The Beijing to Paris Motor Race

Richard Cavendish describes the motor race to Paris which set off from Beijing on June 10th, 1907.

The Itala, after falling through a bridge
The epic event was not originally intended to be a race, but a demonstration of the potential of the automobile. It was set off by the French newspaper Le Matin, which proclaimed in January 1907 that a man with a car could do anything and go anywhere. ‘Is there anyone who will undertake to travel this summer from Beijing to Paris by automobile?’ The idea attracted great public interest and forty entrants, but in the end only five teams shipped cars to Beijing.

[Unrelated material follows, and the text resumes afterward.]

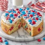 Want to elevate your presentation? Serve the cake on a rustic wooden board or colorful platter to highlight the bright sprinkles. You can also cut it into individual wedges and place each piece on mini dessert plates, perfect for sharing at summer parties or patriotic celebrations.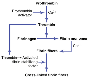 - 激活的因子X形成凝血酶原激活物(prothrombin activator)的作用——因子V的作用。内源性途径(intrinsic pathway)中的这一步与外源性途径(extrinsic pathway)的最后一步相同。也就是说,激活的因子X与因子V以及血小板或组织磷脂结合,形成称为凝血酶原激活物的复合物。凝血酶原激活物反过来在几秒钟内启动凝血酶原(prothrombin)的裂解,形成凝血酶(thrombin),从而启动最终的凝血过程,如前所述。

The cars were an Itala driven by Prince Scipione Borghese of Italy, a Dutch Spyker driven by an unknown named Charles Goddard, a three-wheeler Cyclecar piloted by Lily Pons’ father and two French De Dions. Rival tyre companies sponsored the competitors, Pirelli backing Borghese, Michelin behind Goddard and Dunlop backing the De Dions.

The official who started the race in Beijing returned to Paris by sea and arrived there before the contestants did. Prince Borghese was driving a machine stripped down to the lightest possible bodywork with a seven-litre Itala engine installed in it. Charles Goddard, who had not even learned to drive before his imagination was fired by the event, had to borrow his car for the race and pay his way to China by playing the piano to the first-class passengers on the ship. The route led from Beijing through deserts, mountain passes and steppes to Outer Mongolia and Ulan Bator, past Lake Baikal to Moscow and then across Russia, Poland, Germany and Belgium to Paris. Prince Borghese, who was well ahead, made a detour to St Petersburg for a party. There were often no roads, no petrol stations and no one who had ever seen a motor car before. Camels and mules were sent ahead to establish petrol depots and each driver was accompanied by a journalist, who filed a report whenever they passed a telegraph station.

The Cyclecar came to grief in the Gobi Desert and the Itala at one point fell through the planks of a bridge into a ravine, though the engine did not miss a beat. At another stage Prince Borghese had to get a wooden wheel made by a local blacksmith. He arrived at the finishing line in Paris at 4.30pm on August 10th to a huge ovation and a dinner was given in his honour, attended by the Italian chargé d’affaires and prominent automobile industry figures. Charles Goddard came second in the Spyker and the others nowhere.